I am not a member of the DKP – but of another party, die LINKE. I have significant political differences with the DKP and believe that it is a mistake for them to stand in elections and to split the Left vote. However, they are part of the wider political Left, and such debates should be resolved through comradely discussions and not state bans.

This is not least because any strengthening of the state’s ability to decide which parties are “legitimate” – and which are not – could be used against all of us. The German state has already banned left-wing organisations. One of the first acts of the Nazi government in 1933 was to Enabling Act which banned the KPD. A similar ban was issued by Konrad Adenauer’s CDU government in 1956. In both cases, the “fight against communism” was used to justify wider repression and attacks on civil liberties.
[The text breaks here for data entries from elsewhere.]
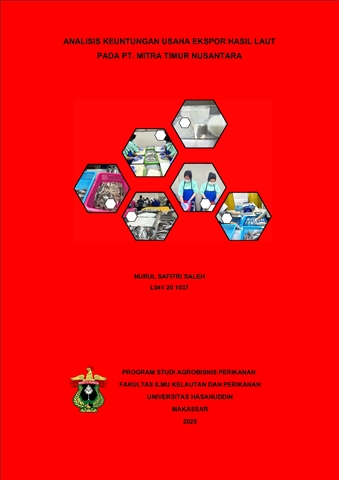 Nurul Safitri Saleh L014201037. ANALISIS KEUNTUNGAN USAHA EKSPOR HASIL LAUT PADA PT. MITRA TIMUR NUSANTARA” dibimbing oleh Sri Suro Adhawati sebagai pembimbing utama dan Sitti Fakhriyyah sebagai pembimbing anggota. Penelitian ini bertujuan untuk mengetahui proses produksi, mengetahui prosedur ekspor usaha hasil laut, dan untuk mengetahui besarnya kentungan usaha ekspor hasil laut pada PT. MTN di Kota Makassar. PT. MTN merupakan salah satu perusahaan yang bergerak di bidang perikanan dan hasil laut dengan fokus utama pada ekspor berbagai jenis produk laut seperti ikan dan sotong. Penelitian ini menggunakan metode kuantitatif dengan menganalisis proses produksi, prosedur ekspor dan keuntungan penjualan yang dihasilkan dari aktivitas ekspor selama periode tertentu. Hasil penelitian menunjukkan bahwa PT. MTN berhasil memperoleh keuntungan yang signifikan dari ekspor hasil laut, meskipun terdapat tantangan dari segi biaya operasional dan perubahan harga di pasar internasional. Keuntungan usaha yang di dapatkan oleh PT. MTN di Kota Makassar pada usaha ekspor hasil laut sebesar Rp 6,944,242,361/tahun yang menandakan bahwa nilai keuntungan tersebut lebih besar dari total biaya yang dikeluarkan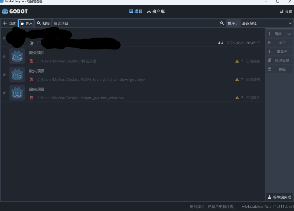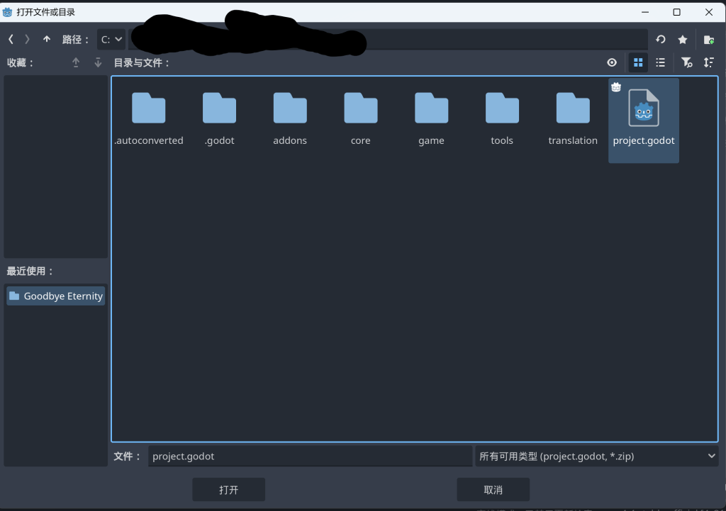 点击导入——选中解包出来的文件夹——找到project.godot——点击打开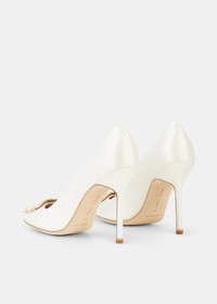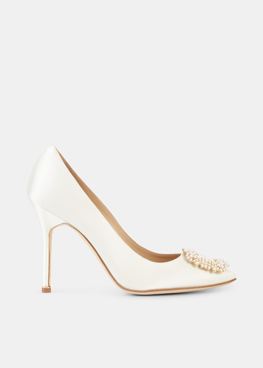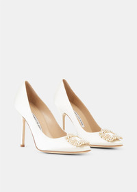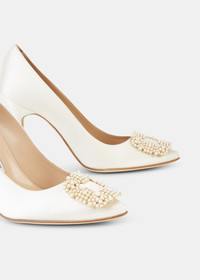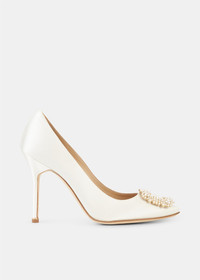 Manolo Blahnik captures the essence of elegance and sophistication throughout each of Blahnik's curated collections. A favoured style amongst all, Manolo Blahnik's signature Hangisi court shoe is an ode to Napoleon I, Josephine and Pauline Bonaparte. Arriving in a modern cream hue, Manolo Blahnik's latest Hangisi pump is complete with a crystal embellished buckle resting upon a chic pointed toe. These modern pumps are will seamlessly complement any bridal or evening event. Supplier code: 1051180134 PRODUCT FEATURES - Almond toe - Fine heel - Logo detailed insole - Crystal encrusted buckle - Made in Italy SIZE & FIT - This item fits true to size. We recommend ordering your regular size PRODUCT MEASUREMENTS - Heel height: 105mm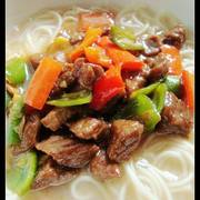牛肉、青、红辣椒、拉面、盐、老抽、料酒、嫩肉粉、鸡精、姜、蒜、食用油。
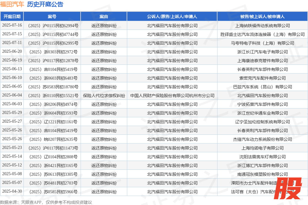 本站消息蜂窝配资蜂窝配资,根据天眼查APP显示,近日公布了一则北汽福田汽车股份有限公司作为原告/上诉人的开庭公告,详细内容如下: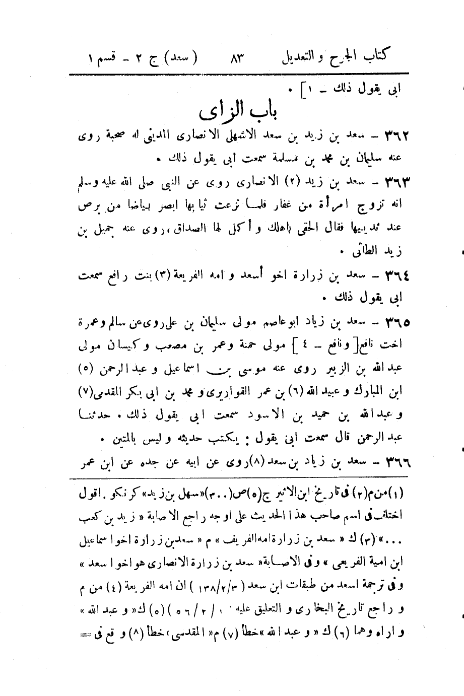 364 - سعد بن زرارة أخو أسعد وأمه الفريعة (3) بنت رافع سمعت أبي يقول ذلك.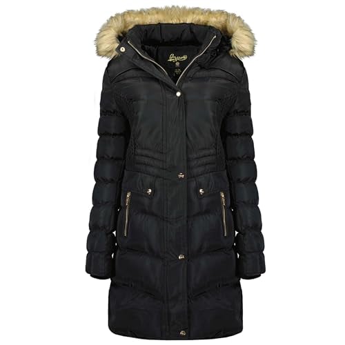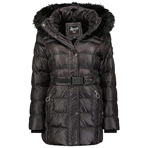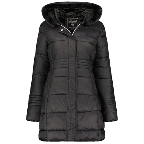 Geographical Norway Dorifore Lady Parka Longue Epaisse Chaude Femme Automne Hiver - Manteau Fin Capuche Fausse Fourure - Blouson Coupe Vent - Doudoune Elegante Femmes (Noir L)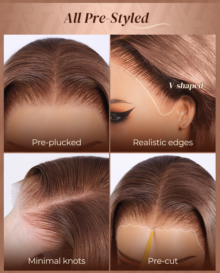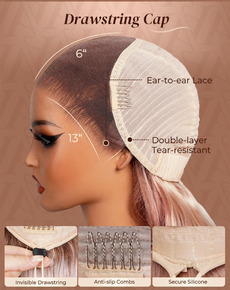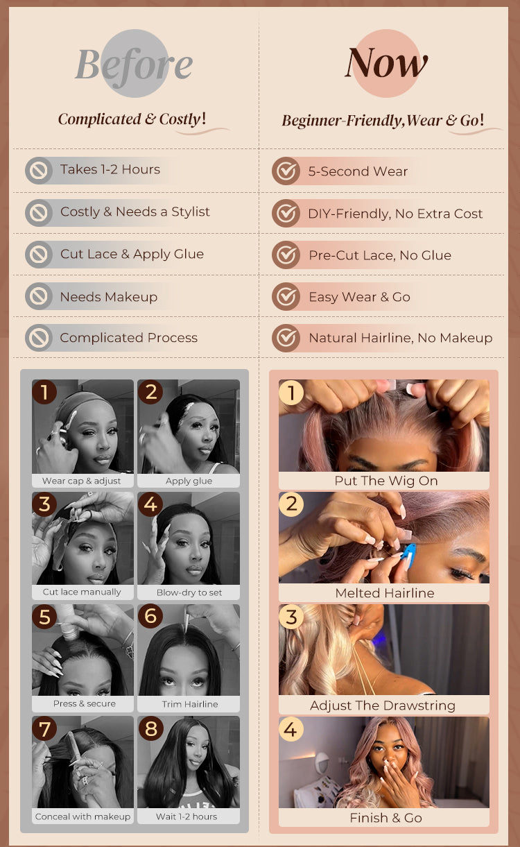 A: Our 6x5 and 13x6 wigs feature a glueless design with adjustable straps, combs, and a drawstring for a natural fit, allowing you to wear it easily, wear to go! While 13x4 lace wigs are usually installed with glue or adhesive for a secure fit.

When push comes to shove, the state is not neutral. Black Lives Matter has made clear what many of us already knew – there is a high level of racist police violence, both in Germany as well as the USA. Demonstrations against racism are often heavily policed, particularly those containing a significant number of young Muslims. Meanwhile demonstrations of Corona deniers – often with a strong Nazi presence – are generally allowed to run rampant.

Ultimately, the people who would ban the DKP would be the same people who prevent serious investigations into the AfD, who allow a serious Nazi presence in the police and security services, and who are maintaining a neo-liberal racist state. They are not our friends. Any ban on the DKP will only strengthen the power of this state.

As LINKE MP Niema Movassat says

“with the loss of their party status, the DKP loses the specific protections for parties – such as against banning orders. The interior minister can ban the DKP relatively easily. With the history of the persecution of Communists in this country, this all has a politically unsavoury taste”.

A ban on elections is not the same as a full ban of the party, but it is a distinct possibility, depending on how we react.This means that the starting point for any serious socialist is not to question whether the DKP followed their bureaucratic obligations to the last detail, nor to bring up specific differences we may have, say, on the nature of the Chinese state. This is not why the DKP is under attack. If they are successfully removed, right wing forces will be coming for socialists, Muslims and other minorities next.

But if we stand together, we will all be stronger.